Das Gesamtfahrzeug wiegt nun 60 kg und Prof. Walter ist sich sicher, dass durch weitere Optimierungsprozesse dieses Gewicht auf 40 kg reduziert werden kann. „Bei anderen Fahrzeugtypen haben Sie eine Gewichtsrelation zwischen Fahrer und Fahrzeug von 1:10/1:15. Wir streben mit der Weiterentwicklung des E-Quickie eine Relation von 1:2 an.“ Seine Feuertaufe hat das neue E-Mobil zwischenzeitlich bestanden: Am 19. und am 20. Mai d. J. hatten die Studierenden mit ihm an der Karlsruher E-Meile teilgenommen und 40 Runden auf der 222 Meter langen Leiterbahn gedreht.

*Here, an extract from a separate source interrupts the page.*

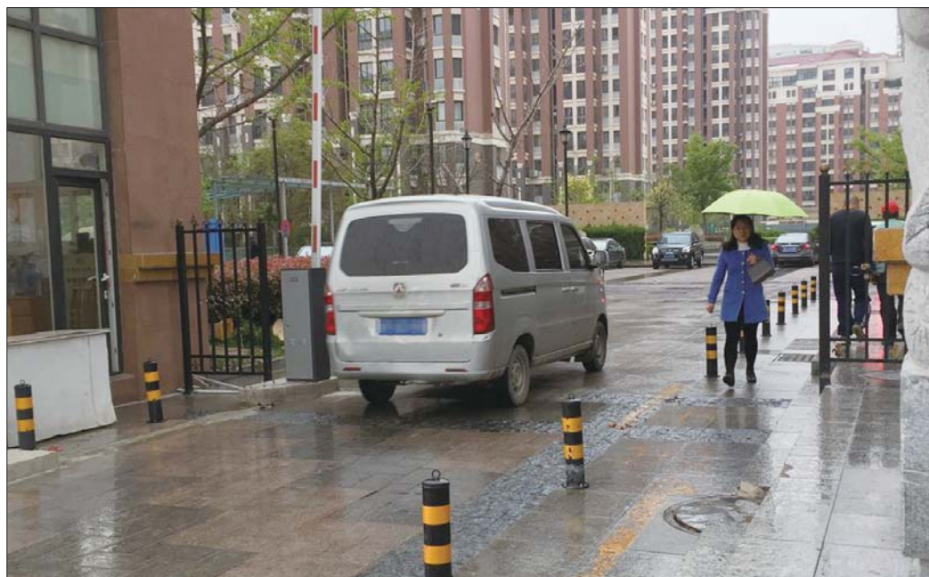
5月1日起,烟台市区小区将执行新的停车收费标准。

本报4月24日讯(记者 梁莹莹) 24日,烟台市物价局召开新闻发布会,会上就物业收费有关问题进行了解读。市物价局、市住建局印发《关于烟台市市区普通住宅物业管理区域内停车收费有关事项的通知》,公布了依据有关法律法规和规定制定的普通住宅物业管理区域内停车收费标准。室内车位停车费(租赁费+车位服务费)最高不得超过258元/车位·月,室外车位停车费(租赁费+车位服务费)最高不得超过145.20元/车位·月。

„Dabei ging es uns nicht nur darum zu zeigen“, so Prof. Walter, „wie schnell man sich mit dem E-Quickie bewegen kann, sondern vor allem wie energieeffizient. Wir sind also mit halbvollen Batterien an den Start gegangen und mit vollen angekommen.“ Wozu eigentlich Batterien bei diesem System der Energieübertragung? Für den eigentlichen Antrieb benötigt das Fahrzeug keine Batterien. Sobald jedoch die elektrischen Leitungsbahnen verlassen werden, ist auch die Energieversorgung zum Motor unterbrochen. „Hier springen dann kleinere Akkumulatoren an Bord des E-Quickie als Energiepuffer ein“, so Prof. Jürgen Walter, „wenn es beispielsweise in die Garage gefahren wird.“
Das neue E-Mobil verfügt heute schon über eine ausgezeichnete Ökobilanz: Der Nabenmotor hat nur eine Leistungsaufnahme von 2 KW und trotzdem erreicht das Fahrzeug eine Geschwindigkeit von 50 km/h. Die eingesetzten Akkumulatoren dienen nur als Puffer, sind also wesentlich kleiner dimensioniert als bei Elektromobilen, die ihre Energie ausschließlich von diesen beziehen. Aber auch hier sieht Prof. Jürgen Walter noch weitere Entwicklungsmöglichkeiten für das E-Quickie. „Wir planen mit unserem Industriepartner SEW auf dem Hochschulcampus eine Teststrecke einzurichten, um die Alltagstauglichkeit des Systems zu untersuchen, aber auch um das Fahrzeug in Sachen Energiebedarf und Gewicht weiter zu optimieren.“ Sollte es sich dabei bewähren, sind für den Wissenschaftler weitere Strecken denkbar, beispielsweise von der Hochschule zum Schloss oder vom Stadtzentrum zum Forschungszentrum Karlsruhe (Campus KIT-Nord).
Aber auch an weitere Anwendungsgebiete wird schon gedacht. So könnte die drahtlose Energieübertragung auch dazu eingesetzt werden, um Mobiltelefone ohne Ladekabel aufzuladen oder den Transport von Gütern unterirdisch zu organisieren.